Open javier-gracia-tabuenca-tuni opened 3 weeks ago
We could have a DatabaseConnectorDbiConnection that wraps bigrquery connections similar to how DatabaseConnector wraps other DBI drivers. I think this would make sense.
Thanks @ablack3, Now that you mention this, I remember than 3 years ago I made hack to use DatabaseConnector to work with bigquery using DBI, bcs JDBI was not allowed in our research enviroment.
https://github.com/FINNGEN/DatabaseConnector
It worked very well, but the code is very dirty,
I could work on making this the right way if you think that PR will be accepted ???
that hack was very simple, just used bigrquery to make the DBI connection following how DatabaseConnector uses SQLite.
The dirty part comes, where I had to pass some extra parameters for bigrquery, I just added these paramenters to all the necessary functions, this should be different.
@ablack3: If bigrquery has superior performance to the JDBC driver, maybe we should swap them out in DatabaseConnector? (after we've completed DatabaseConnector 7.0.0, when this should be simpler)
The dirty part comes, where I had to pass some extra parameters for bigrquery, I just added these paramenters to all the necessary functions, this should be different.
@javier-gracia-tabuenca-tuni I think we could follow the pattern used for odbc that uses createDbiConnectionDetails
and connectUsingDbi
Otherwise your changes look good to me.
connectSparkUsingOdbc <- function(connectionDetails) {
inform("Connecting using Spark ODBC driver")
ensure_installed("odbc")
dbiConnectionDetails <- createDbiConnectionDetails(
dbms = connectionDetails$dbms,
drv = odbc::odbc(),
Driver = "Simba Spark ODBC Driver",
Host = connectionDetails$server(),
uid = connectionDetails$user(),
pwd = connectionDetails$password(),
Port = connectionDetails$port()
# UseNativeQuery=1
)
if (!is.null(connectionDetails$extraSettings)) {
dbiConnectionDetails <- append(
dbiConnectionDetails,
connectionDetails$extraSettings
)
}
connection <- connectUsingDbi(dbiConnectionDetails)
return(connection)
}
thanks @ablack3, that is a good guidance, (that was not there when i made my hack)
I will make a fork, add the changes, work with these on my tools, and if don't find major issues, we can merge these changes after v7.0.0 as suggested by @schuemie
does it sounds like a plan ?
Hi @javier-gracia-tabuenca-tuni, after talking with @schuemie we were thinking that after v7 you should be able to use DatabaseConnector with bigrquery by using createDbiConnectionDetails
.
Ideally DatabaseConnector only uses one driver for each database.

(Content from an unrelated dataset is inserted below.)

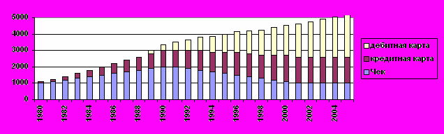 Первая, это естественно наличные деньги. Второе, это чики. Чековый платежный инструмент, это конечно англо саксонская модель, но даже там роль чеков роль чеков в денежном обращении сокращается. Посмотрим диаграмму. Мы сейчас говорим про ритейловый бизнес, а не про межбанковские расчеты. Мы говорим только про розничный банковский бизнес, т.е. это работа непосредственно с клиентами. Причем обычно с клиентами мелкими, большей частью даже физическими лицами.

Currently that is jdbc for BigQuery but it could be bigrquery in the future if all the tools work well with it. I would say we could give bigrquery a try and compare to the jdbc driver. If bigrquery seems to work better then we can switch to it in a future release. Feel free to make a branch with this change and we can test it out after v7.
ok, sounds good
one more question related to BQ.
There is this forced delay for only bigquery https://github.com/OHDSI/DatabaseConnector/blob/main/R/Sql.R#L307
I coudnt find what is the reason for this. I'd like to know if this is necessary always for BQ, or ir has to do with the driver, and changing the driver will fix this also.

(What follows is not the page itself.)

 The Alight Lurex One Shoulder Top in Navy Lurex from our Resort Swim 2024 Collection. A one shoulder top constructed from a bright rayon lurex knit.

BigQuery has a rate limit, especially for inserts. If you exceed it, you will get an error. To my knowledge this limit still applies.
Loading a table in BigQuery with DatabaseConnector::insertTable is quite slow
I usually have to use package bigrquery
quick dirty demo
If you want I can make insertTable with bulkLoad=TRUE to work also BQ using bigrquery, or do you prefer other method such command line, may be more complex but nor need an extra package ??